Выходишь прикуривать в тамбур, а там уже нет никого. Пропойца, спокойный, как ангел, тулуп расстелил наголо.
И видит он русское море, стакан золотого вина, и слышит, как в белом соборе его отпевает страна.
...Как Волги вал белоголовый Доходит целый к берегам!
За станцией «Сокольники», где магазин мясной и кладбище раскольников, был монастырь мужской. Руина и твердыня, развалина, гнилье — в двадцатые пустили строенье под жилье. Такую коммуналку теперь уж не сыскать. Зачем я переехал, не стану объяснять. Я, загнанный, опальный, у жизни на краю сменял там отпевальню на комнату свою... Шел коридор верстою, и сорок человек, как улицей Тверскою ходили целый день. Там газовые плиты стояли у дверей. Я был во всей квартире единственный еврей. Там жили инвалиды, ночные сторожа, и было от пол-литры так близко до ножа. И все-таки при этом, когда она могла, с участьем и приветом там наша жизнь текла. Там зазывали в гости, делилися рублем, там были сплетни, козни, как в обществе любом. Но было состраданье, не холили обид... Направо жил Адамов, хитрющий инвалид. Стучал он рано утром мне в стенку костылем, входил, обрубком шарил под письменным столом, где я держал посуду кефира и вина, — бутылку на анализ просил он у меня.
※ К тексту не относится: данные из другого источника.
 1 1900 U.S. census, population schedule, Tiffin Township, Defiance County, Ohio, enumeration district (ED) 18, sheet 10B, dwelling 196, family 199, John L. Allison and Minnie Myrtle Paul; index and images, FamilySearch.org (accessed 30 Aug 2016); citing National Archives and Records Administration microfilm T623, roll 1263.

И я давал бутылки и мелочь иногда, и уходил Адамов. А рядом занята рассортировкой семги, надкушенных котлет, закусок и ватрушек, в неполных двадцать лет официантка Зоя, мать темных близнецов. За нею жил расстрига Георгий Одинцов. Служил он в гардеробе издательства Гослит и был в литературе изрядно знаменит. Он Шолохова видел, он Пастернака знал, он с Нобелевских премий на водку получал, он Юрию Олеше галоши подавал. Но я-то знал, он тайно крестил и отпевал. Но дело не в соседях, типаж тут не при чем, — кто эту жизнь отведал, тот знает что почем. Почем бутылка водки и чистенький гальюн. А то, что люди волки, сказал латинский лгун. Они не волки. Что же? Я не пойму. Бог весть. Но я бы мог такие свидетельства привесть, что обломал бы зубы и лучший богослов. И все-таки, спасибо за все, за хлеб и кров тому, кто назначает нам пайку и судьбу, тому, кто обучает бесстыдству и стыду, кто учит нас терпенью и душу каменит, кто учит просто пенью и пенью аонид. Тому, кто посылает нам дом или развал и дальше посылает белоголовый вал.
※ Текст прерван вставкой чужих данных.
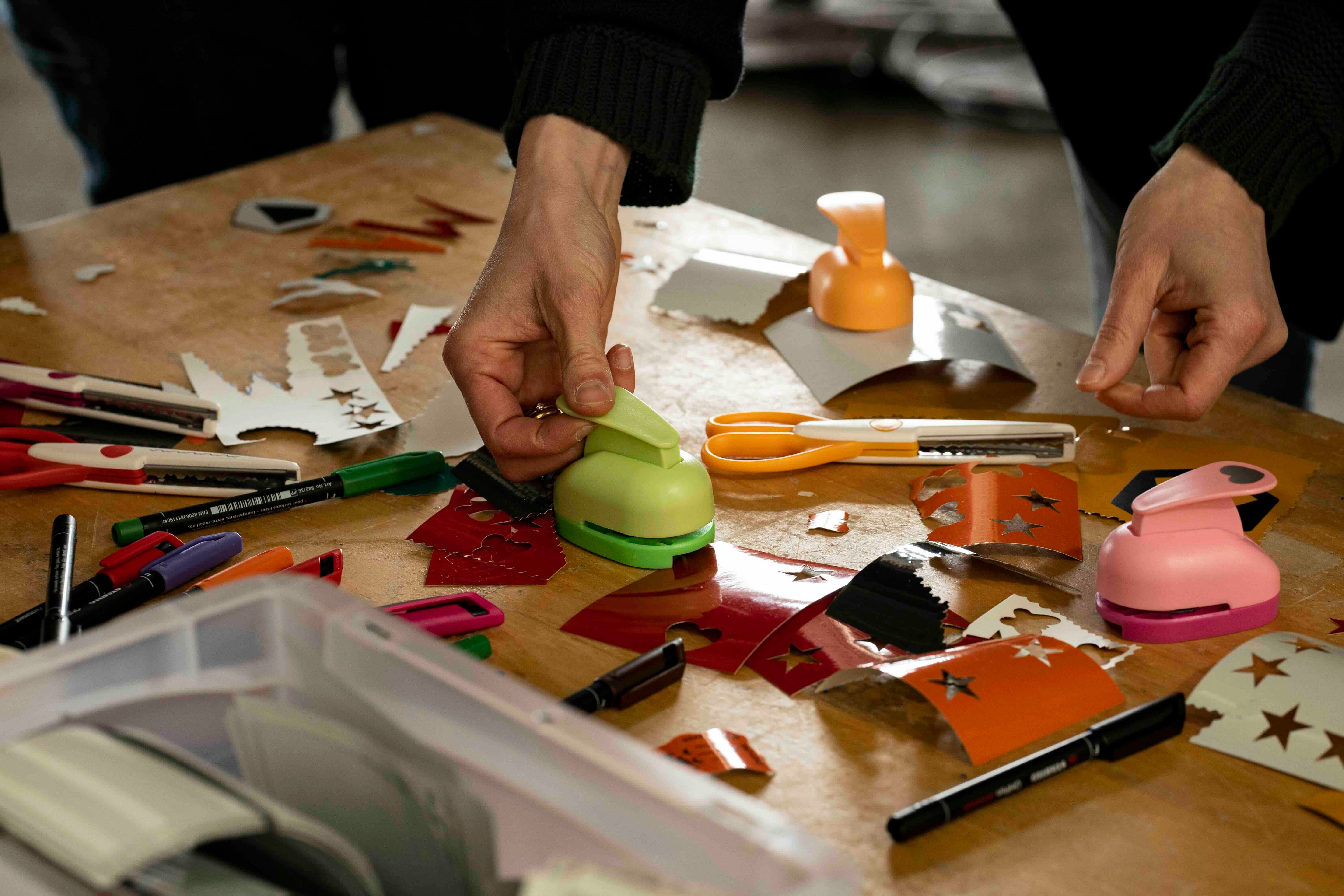 Materialreste und Folienverschnitt aus unserer Produktion werden in Bastelworkshops zu individuellen Reflektoren wiederverwertet.

В коммунальной квартире жил сосед Котов, Расторопный мужчина без пальца. Эту комнату слева он отсудил у кого-то, Он судился, тот умер, а Котов остался.
Каждый вечер на кухне публично он мыл ноги И толковал сообщенья из вечерней газеты «Известия». А из тех, кто варили, стирали и слушали, многие Задавали вопросы — все Котову было известно.
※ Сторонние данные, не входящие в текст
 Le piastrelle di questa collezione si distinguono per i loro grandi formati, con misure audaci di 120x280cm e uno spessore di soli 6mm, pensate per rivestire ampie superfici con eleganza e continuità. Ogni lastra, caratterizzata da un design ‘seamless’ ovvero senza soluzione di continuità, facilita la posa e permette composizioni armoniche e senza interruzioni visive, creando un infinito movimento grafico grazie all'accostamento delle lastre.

Редко он напивался. Всегда в одиночку, и лазил... Было слышно и страшно, куда-то он лазил ночами, Доставал непонятные и одинокие вазы, Пел частушки, давил черепки с голубыми мечами.
Он сидел на балконе и вниз, улыбаясь, ругался, Курил и сбрасывал пепел на головы проходящих. Писем не получал, телеграмм и квитанций пугался И отдельно прибил — А.М.КОТОВ — почтовый ящик.
Летом я переехал. Меня остановят и скажут: — Слушай, Котова помнишь? Так вот, он убийца, Или вор, или тайный агент... — Я поверю. Мной нажит Темный след неприязни. За Котова нечем вступиться.
За фанерной стеной он остался неясен до жути. Что он прятал? И как за него заступиться? Впрочем, как-то я видел: из лучшей саксонской посуды На балконе у Котова пили приблудные птицы.